▶ _What to produce_: Only the lines below between the one holding "老哥们 宜享花上多元调解了,严重吗?是不是就要冻微信啥的了?" and the one holding "华联期货-饲料周报:市场情绪推涨,豆菜粕短期或震荡偏强-260308", inclusive, are to be reproduced word for word; the pictures are to be left out.

▶ _Task input_:
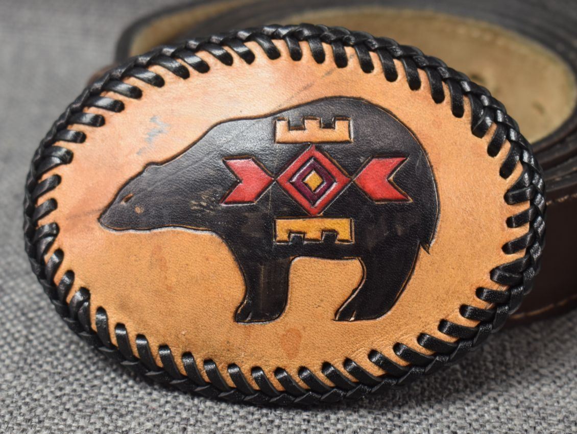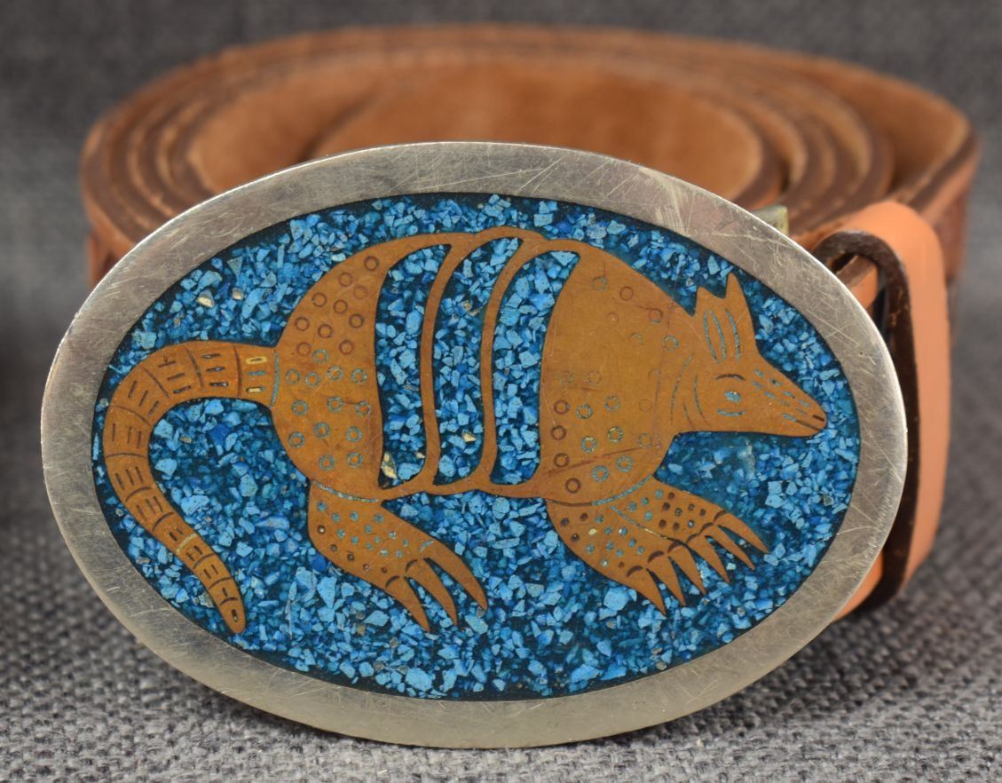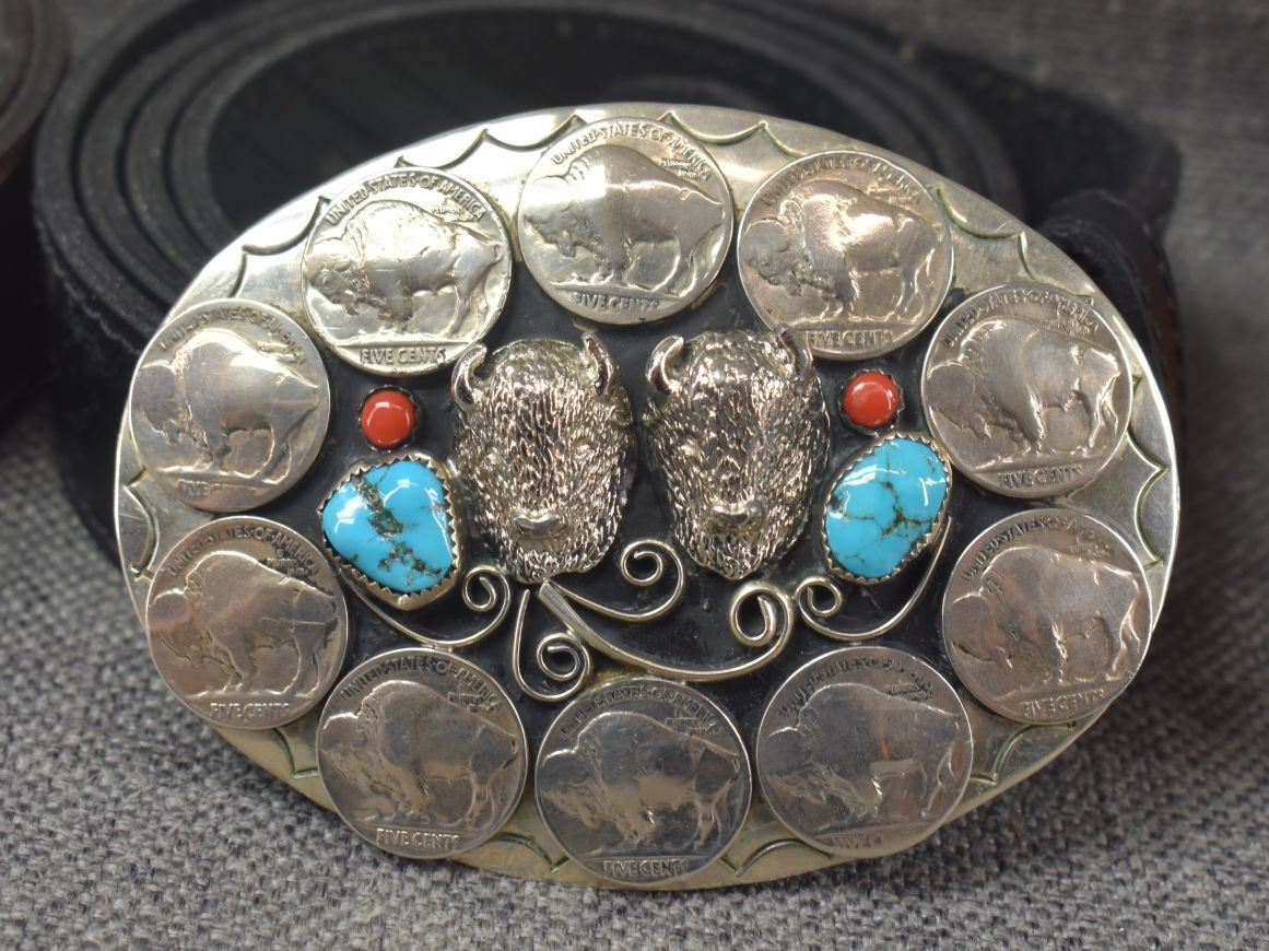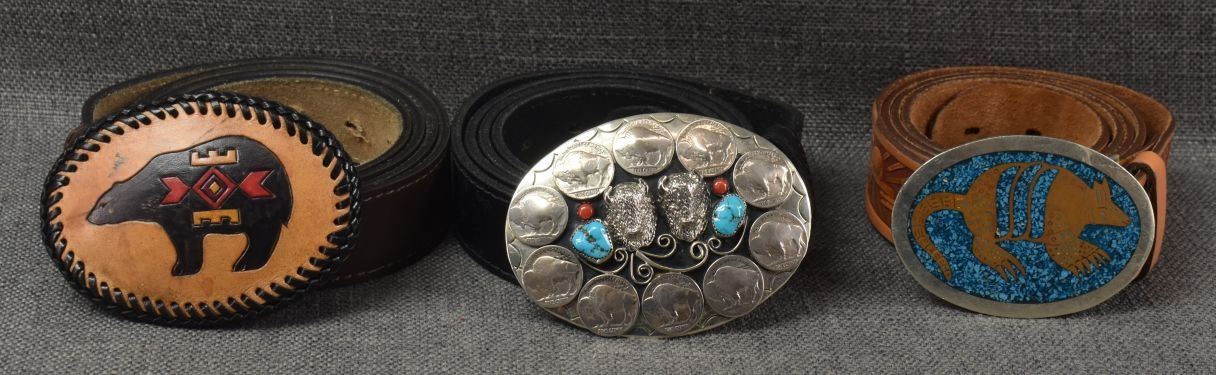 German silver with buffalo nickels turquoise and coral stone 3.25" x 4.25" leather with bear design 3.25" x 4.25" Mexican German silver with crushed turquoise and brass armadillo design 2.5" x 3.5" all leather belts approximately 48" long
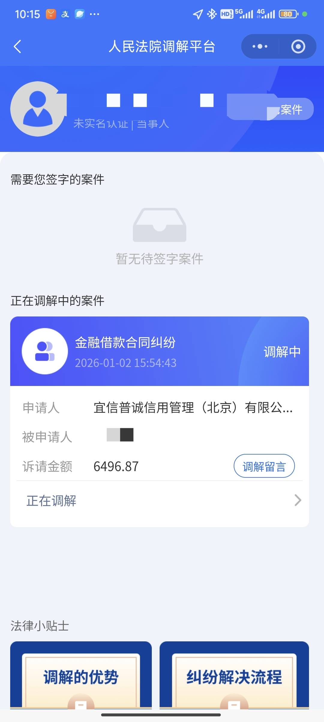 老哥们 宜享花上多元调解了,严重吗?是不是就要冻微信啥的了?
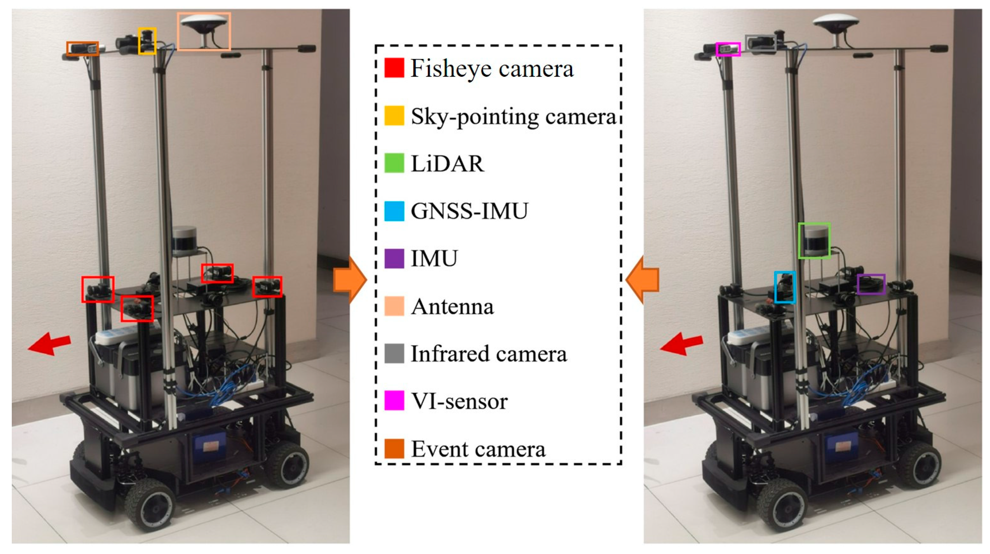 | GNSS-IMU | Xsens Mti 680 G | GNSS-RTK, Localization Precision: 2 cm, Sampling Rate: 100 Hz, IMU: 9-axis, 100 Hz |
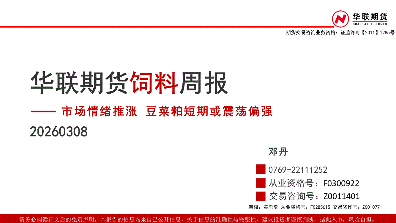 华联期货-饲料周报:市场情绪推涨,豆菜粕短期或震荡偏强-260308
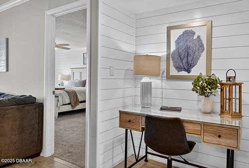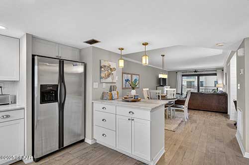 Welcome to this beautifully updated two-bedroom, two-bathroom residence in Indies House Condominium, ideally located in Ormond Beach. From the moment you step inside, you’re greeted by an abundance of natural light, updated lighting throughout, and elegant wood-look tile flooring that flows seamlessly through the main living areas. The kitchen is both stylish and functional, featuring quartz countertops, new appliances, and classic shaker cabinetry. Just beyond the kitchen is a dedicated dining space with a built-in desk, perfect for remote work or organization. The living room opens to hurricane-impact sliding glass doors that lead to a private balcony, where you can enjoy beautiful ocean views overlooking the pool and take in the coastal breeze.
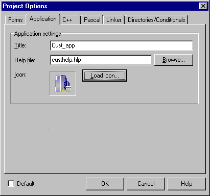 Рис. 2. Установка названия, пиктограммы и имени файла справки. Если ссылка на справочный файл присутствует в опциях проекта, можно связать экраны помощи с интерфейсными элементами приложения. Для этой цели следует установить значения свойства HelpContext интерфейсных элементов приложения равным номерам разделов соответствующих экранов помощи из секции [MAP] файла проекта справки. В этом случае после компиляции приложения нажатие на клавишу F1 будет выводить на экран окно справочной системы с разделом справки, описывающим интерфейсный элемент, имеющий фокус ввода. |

▶ _Solution_:
 老哥们 宜享花上多元调解了,严重吗?是不是就要冻微信啥的了?
 | GNSS-IMU | Xsens Mti 680 G | GNSS-RTK, Localization Precision: 2 cm, Sampling Rate: 100 Hz, IMU: 9-axis, 100 Hz |
 华联期货-饲料周报:市场情绪推涨,豆菜粕短期或震荡偏强-260308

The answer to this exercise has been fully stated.